Gene Center, Ludwig-Maximilians-Universität München, Munich, 81377, Germany.
Google, Seattle, WA, 98103, United States.
Bioinformatics. 2021 Aug 4;37(14):2004–2011. doi: 10.1093/bioinformatics/btab050. Epub 2021 Jan 30.
Alternative splicing removes intronic sequences from pre-mRNAs in alternative ways to produce different forms (isoforms) of mature mRNA. The composition of expressed transcripts gives specific functionalities to cells in a particular condition or developmental stage. In addition, a large fraction of human disease mutations affect splicing and lead to aberrant mRNA and protein products. Current methods that interrogate the transcriptome based on RNA-seq either suffer from short read length when trying to infer full-length transcripts, or are restricted to predefined units of alternative splicing that they quantify from local read evidence.
Instead of attempting to quantify individual outcomes of the splicing process such as local splicing events or full-length transcripts, we propose to quantify alternative splicing using a simplified probabilistic model of the underlying splicing process. Our model is based on the usage of individual splice sites and can generate arbitrarily complex types of splicing patterns. In our implementation, McSplicer, we estimate the parameters of our model using all read data at once and we demonstrate in our experiments that this yields more accurate estimates compared to competing methods. Our model is able to describe multiple effects of splicing mutations using few, easy to interpret parameters, as we illustrate in an experiment on RNA-seq data from autism spectrum disorder patients.

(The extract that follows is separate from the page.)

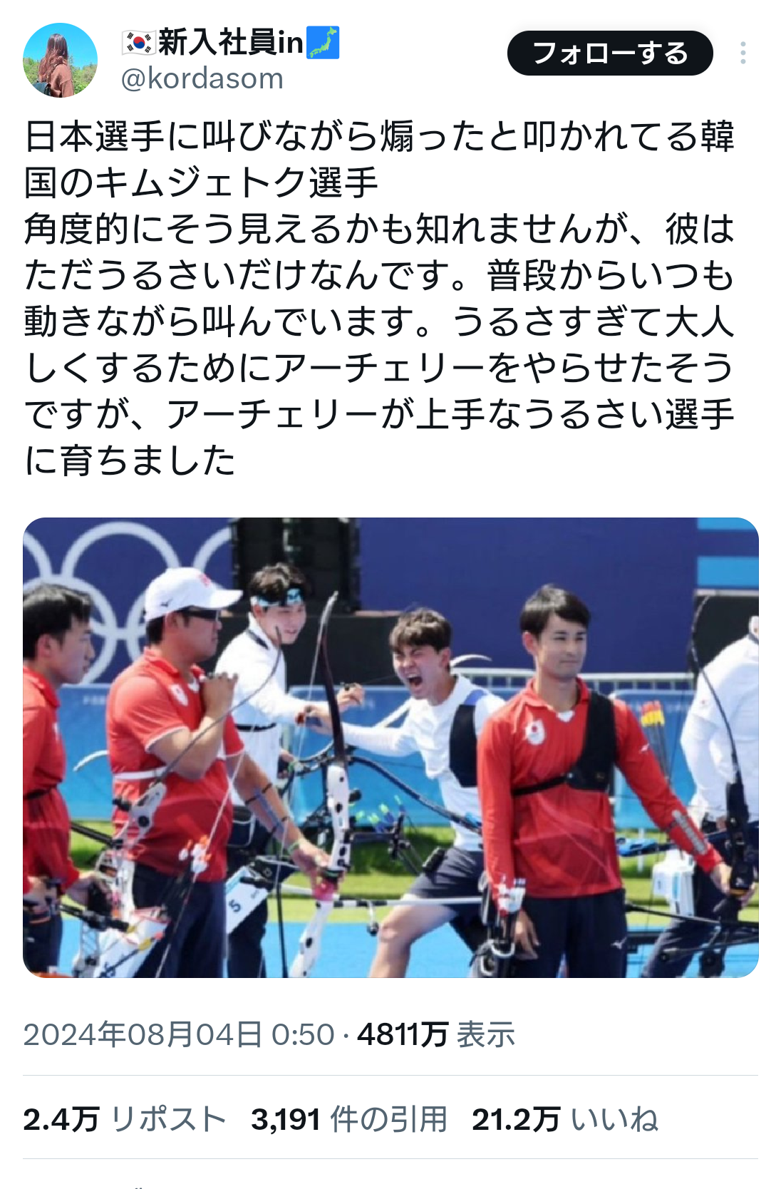 | … | 4925/12/26(金)11:35:33No.1386280592そうだねx5アーチェリーに力を入れてる韓国でオリンピック選手になるんだから本当に凄い選手なんだろうな |
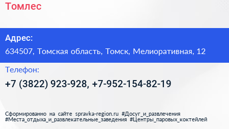Томлес по адресу 634507, Томская область, Томск, Мелиоративная, 12 в дальнейшем Организация, размещена в следующих категориях:

McSplicer source code is available at https://github.com/canzarlab/McSplicer and has been deposited in archived format at https://doi.org/10.5281/zenodo.4449881.
Supplementary data are available at Bioinformatics online.
可变剪接以不同的方式从前体 mRNA 中去除内含子序列,从而产生不同形式(异构体)的成熟 mRNA。表达转录本的组成赋予特定条件或发育阶段的细胞特定的功能。此外,很大一部分人类疾病突变影响剪接,导致异常的 mRNA 和蛋白质产物。目前基于 RNA-seq 检测转录组的方法在尝试推断全长转录本时,由于读长较短,或者仅限于它们从局部读码证据中定量的预定可变剪接单位。
我们不是试图量化剪接过程的单个结果,例如局部剪接事件或全长转录本,而是提议使用基础剪接过程的简化概率模型来量化可变剪接。我们的模型基于单个剪接位点的使用,并且可以生成任意复杂类型的剪接模式。在我们的实现 McSplicer 中,我们使用所有读取数据一次性估计模型的参数,我们在实验中证明,与竞争方法相比,这会产生更准确的估计。我们的模型能够使用少数易于解释的参数描述剪接突变的多种影响,正如我们在自闭症谱系障碍患者的 RNA-seq 数据实验中所说明的那样。
McSplicer 源代码可在 https://github.com/canzarlab/McSplicer 上获得,并已以存档格式存储在 https://doi.org/10.5281/zenodo.4449881 上。
补充数据可在《生物信息学》在线获得。